MEN-Mikro-Elektronik / 13MD05-90

MDIS5 System Package for Linux (including drivers)
Other
4 stars 4 forks source link

mscan_pingpong does not work #228

Open dpfeuffer opened 3 years ago

dpfeuffer commented 3 years ago

We discovered the following problem with the MDIS MSCAN driver package https://github.com/MEN-Mikro-Elektronik/13Z015-06/tree/master/DRIVERS/MDIS_LL/MSCAN

Description from our Problem Report MAIN_PR006912:

There are multiple bugs in the mscan_pingpong example application:

Test hardware: F215 Invocation: mscan_pingpong can_7 can_8 system.dsc is attached system.dsc.txt

Please investigate this problem. If you need further support/input about this problem, I will give you the e-mail address from the colleague who discovered the problem.

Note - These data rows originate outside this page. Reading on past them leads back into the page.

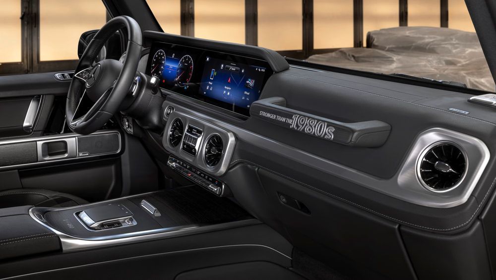 การออกแบบที่ย้อนกลับไปในอดีต Mercedes-Benz G-Class Edition Stronger Than The 1980s ถูกผลิตขึ้นเพื่อย้อนรำลึกถึงตำนานในอดีตของรถเอสยูวีโมเดล G Wagen โดยใช้รุ่นเครื่องยนต์ดีเซล G 450 d หรือเครื่องยนต์เบนซิน G 500 เป็นพื้นฐาน มีสามสีให้เลือก สำหรับภายนอก สีเขียว Manufaktur Agave Green Solid สีขาว Manufaktur Cream Solid และสีเบจ Manufaktur Colorado Beige Solid เพิ่มความคลาสสิกด้วยไฟเลี้ยวสีส้ม สีดำ Night Black Mango บริเวณกันชนหน้า กระจังหน้า โป่งซุ้มล้อ และกระจกข้างของรถเพื่อสะท้อนถึงความแกร่งของรถรุ่นแรก ใช้แผ่นป้องกันใต้ท้องรถสีดำ อุปกรณ์ตกแต่ง Professional Line Exterior บังโคลนหน้าและหลัง ตะแกรงป้องกันไฟหน้า ยางออล–เทอร์เรน นอกจากนี้รถยังมีโลโก้ Manufaktur มือจับเปิดประตูสีดำ พร้อมฉายโลโก้ G-Stronger Than Time จากกระจกข้างของรถลงที่พื้นเมื่อผู้ขับเข้าใกล้รถในเวลากลางคืน ด้วยการฉายโลโก้บนกระจกมองข้าง ต้อนรับผู้ขับขี่และผู้โดยสารเมื่อก้าวเข้าสู่รถ พร้อมตัวอักษร “G – STRONGER THAN TIME” เรืองแสงบนพื้น และสิ่งที่เปลี่ยนไปคือเทคโนโลยี ที่ดียิ่งขึ้นทั้งภายในรถการขับขี่ เครื่องยนต์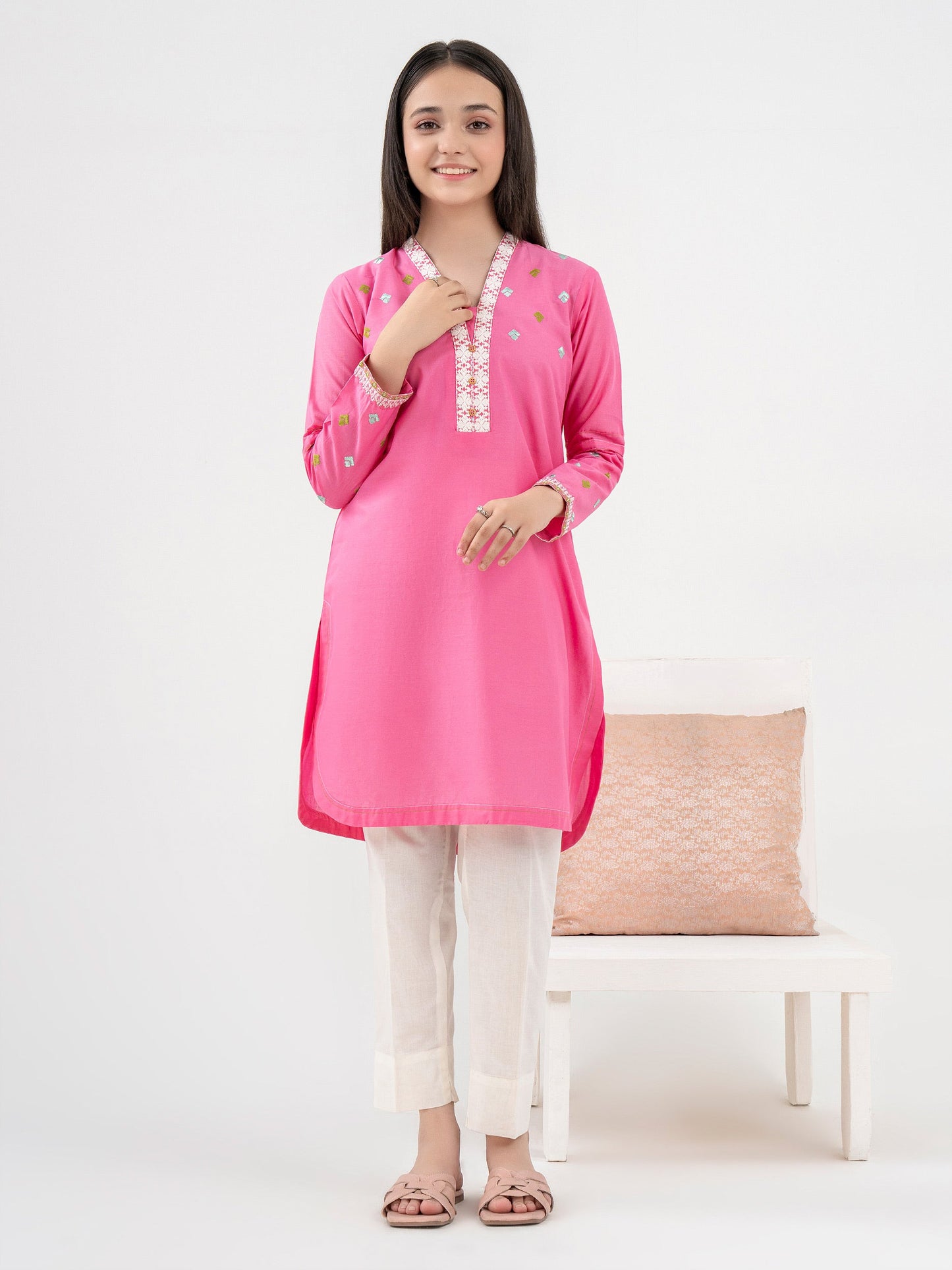 Wash light and bright colors separately. Do not bleach. Do not twist/wring, warm iron to sequined, beaded, and delicate fabrics. Do not dry in direct sunlight.
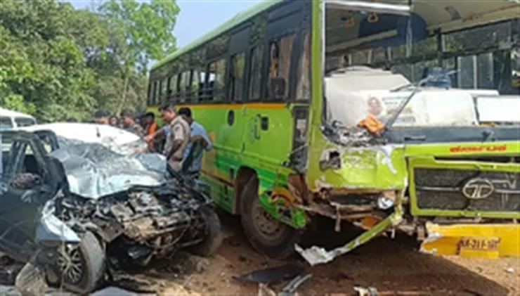 KARNATAKA: Five persons were killed and several others injured in a head-on collision between a bus and a car near Bandal village in Sirsi taluk of the state on Friday.
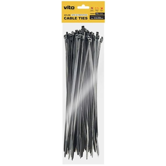 FASCETTE PER CAVI VITO PLASTICK realizzate in NYLON6 (PA6) di colore NERO con protezione UV e test di tensione di 22 kg. Le dimensioni di una fascetta sono 4.6X300 mm. Facile installazione manuale.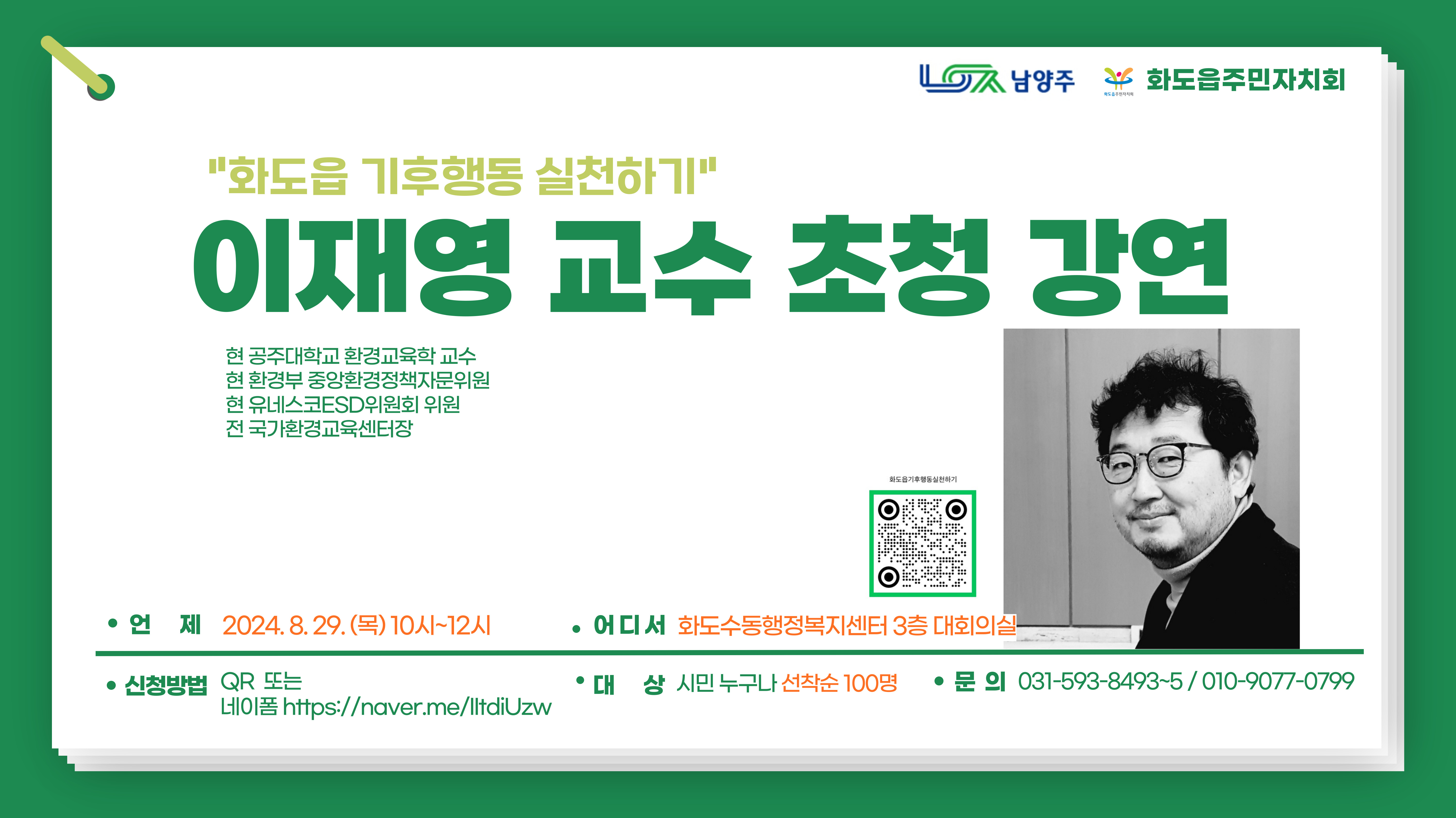 남양주시 화도읍주민자치회(회장 최영균)는 오는 29일 오전10시 화도수동행정복지센터 대회의실에서 이재영 공주대학교 환경교육학과 교수를 초청해 ‘국가 환경정책 방향과 책임(기회) 세대의 역할’을 주제로 특강을 개최한다.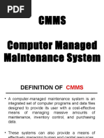 -Introduction -CMMS Needs Assessment -CMMS Capabilities -CMMS Benefits -CMMS implementation -CMMS Modules -Evaluating commercial CMMS -Design plan of locally developed CMMS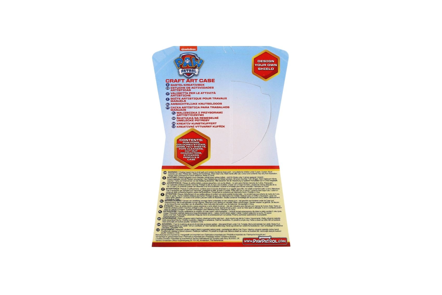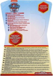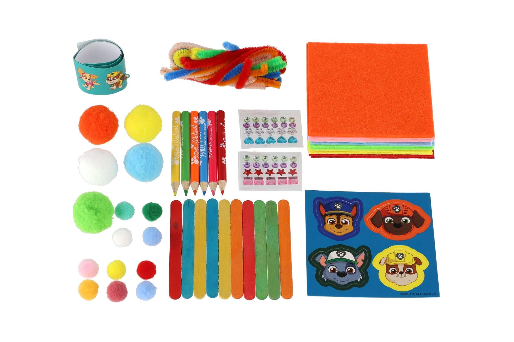 Вътре ще намерите пъстър микс от пособия за колажиране, лепене и рисуване: меки помпони, пухкави шенилни телчета (chenille), пяна или филцови форми, дървени пръчици, пастели и стикери с любимите кучешки герои. Включени са също карти и активности като „създай собствен щит“, които развиват креативността и уменията.

dpfeuffer commented 2 years ago

The error does not occur with every call. We got about 4-5 errors for 100 calls of mscan_qtest (https://github.com/MEN-Mikro-Elektronik/13Z015-06/tree/master/DRIVERS/MDIS_LL/MSCAN/TOOLS/MSCAN_QSTEST/COM).

mscan_qstest_call

mscan_qstest_err

The problem is independent of the used tool (mscan_pingpong, mscan_qtest) so it seems to be a general mscan driver problem. I suggest to perform a duration/loop test.

GonzaloMartinR commented 2 years ago

I have been running batches of 25,000-50,000 tests and have been getting an average of 3 errors per 25,000 tests, never reaching the 7% error values quoted.

Command

After this I have made some minor modifications to the start of the mscan_qstest and mscan_pingpong tools to ensure that CAN communication is initialized every time it is launched. After this modification the number of errors seems to have been reduced to 1 or none per 50000 tests.

ClearCan

The summary of the test results is as follows:

results

dpfeuffer commented 2 years ago

In our test scenario, many tests are carried out in parallel.

I assume you are using the test setup #1 for the investigation, am I right?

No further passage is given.